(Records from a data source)
[Start of section]

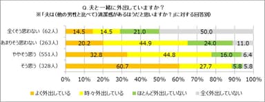 この質問を、(1)の夫の清潔感に関する回答別で集計したところ、夫に「清潔感があるほうだと思う」と回答した層では、夫とよく外出しており(「よく外出している」が60.7%)、清潔感がなくなるにつれて、「よく外出している」割合が顕著に低くなりました。夫に清潔感があると「全く思わない」層では、「よく外出している」はわずか14.5%。反対に、5割もの人が「夫と全く外出していない」と回答しています。
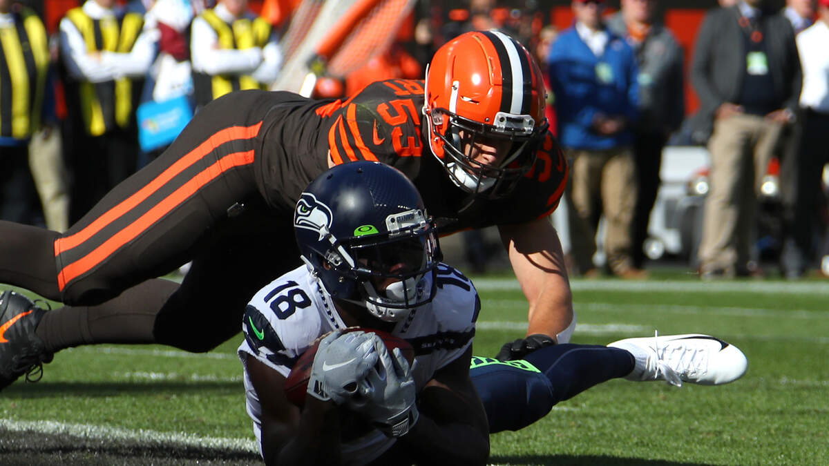 Photo Credit: CLEVELAND, OHIO - OCTOBER 13: Jaron Brown #18 of the Seattle Seahawks catches a third quarter touchdown in front of Joe Schobert #53 of the Cleveland Browns at FirstEnergy Stadium on October 13, 2019 in Cleveland, Ohio. (Photo by Gregory Shamus/Getty Images)
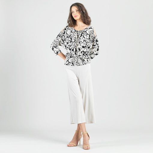 A style so beautiful you’ll look as fresh as our Abstract Rose Open Shoulder Blouson Waist Top! Featuring an open shoulder with 3/4 length dolman sleeves, a scoop neckline with a gathered detail that creates beautiful soft pleats, front and back side diagonal princess seams, and a waist-hugging hemline, that displays an elegant blouson silhouette. A minimalist print comprised of shades of bone and black that create soft and subtle abstract rosettes. ♥ Each piece is a unique, one-of-a-kind print and print placement will vary.Carefree Travel Fabric – Soft Silky Knit Our signature poly blend fibers offer luxurious softness with lightweight, wrinkle-free comfort. This easy-care fabric is quick drying and cooler than linen or cotton, making it perfect for on-the-go wear.Open Shoulder Wrinkle Free Travel Friendly Ultra Lightweight Soft Knit Fabric Breathable Jersey-Like Feel
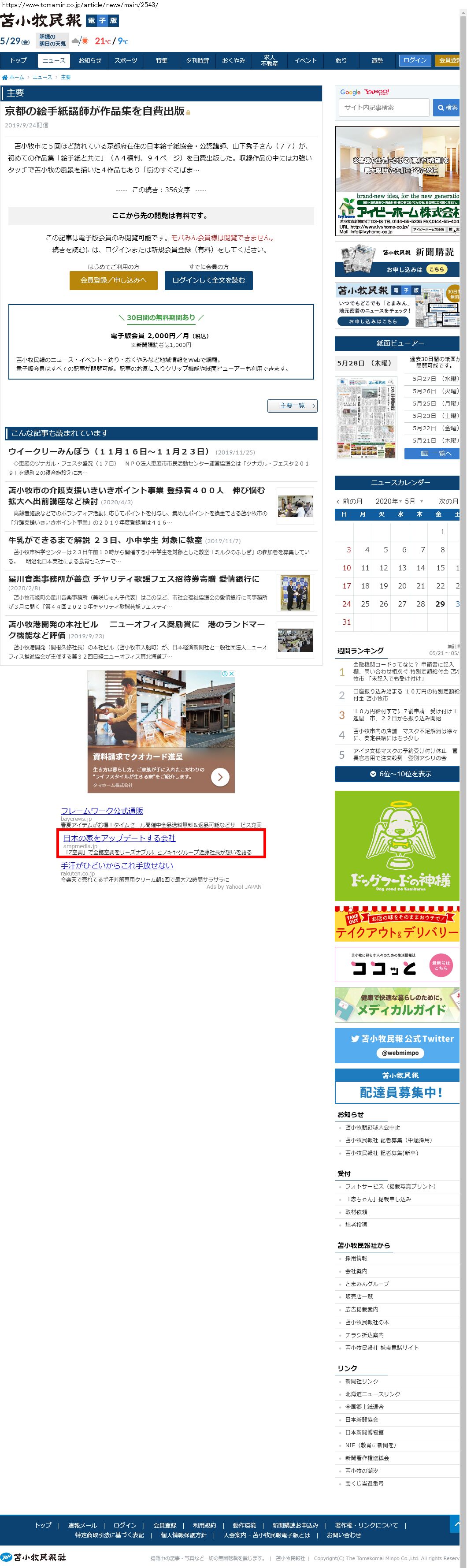 Webメディア 広告枠に赤枠付き
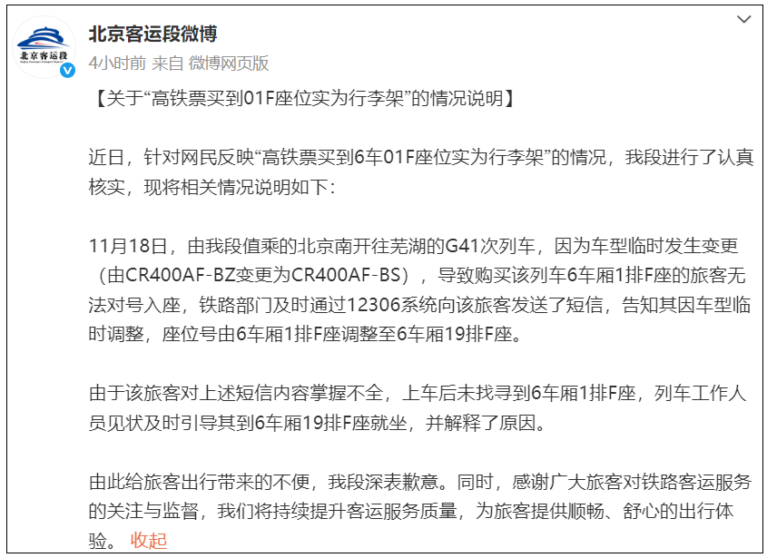 11月19日,@北京客运段 发布关于“高铁票买到01F座位实为行李架”的情况说明。

[End of section]

When pictures appear in the records above, leave them out and reproduce exactly each line from the first through the line containing "Photo Credit: CLEVELAND, OHIO", both included.

 この質問を、(1)の夫の清潔感に関する回答別で集計したところ、夫に「清潔感があるほうだと思う」と回答した層では、夫とよく外出しており(「よく外出している」が60.7%)、清潔感がなくなるにつれて、「よく外出している」割合が顕著に低くなりました。夫に清潔感があると「全く思わない」層では、「よく外出している」はわずか14.5%。反対に、5割もの人が「夫と全く外出していない」と回答しています。
 Photo Credit: CLEVELAND, OHIO - OCTOBER 13: Jaron Brown #18 of the Seattle Seahawks catches a third quarter touchdown in front of Joe Schobert #53 of the Cleveland Browns at FirstEnergy Stadium on October 13, 2019 in Cleveland, Ohio. (Photo by Gregory Shamus/Getty Images)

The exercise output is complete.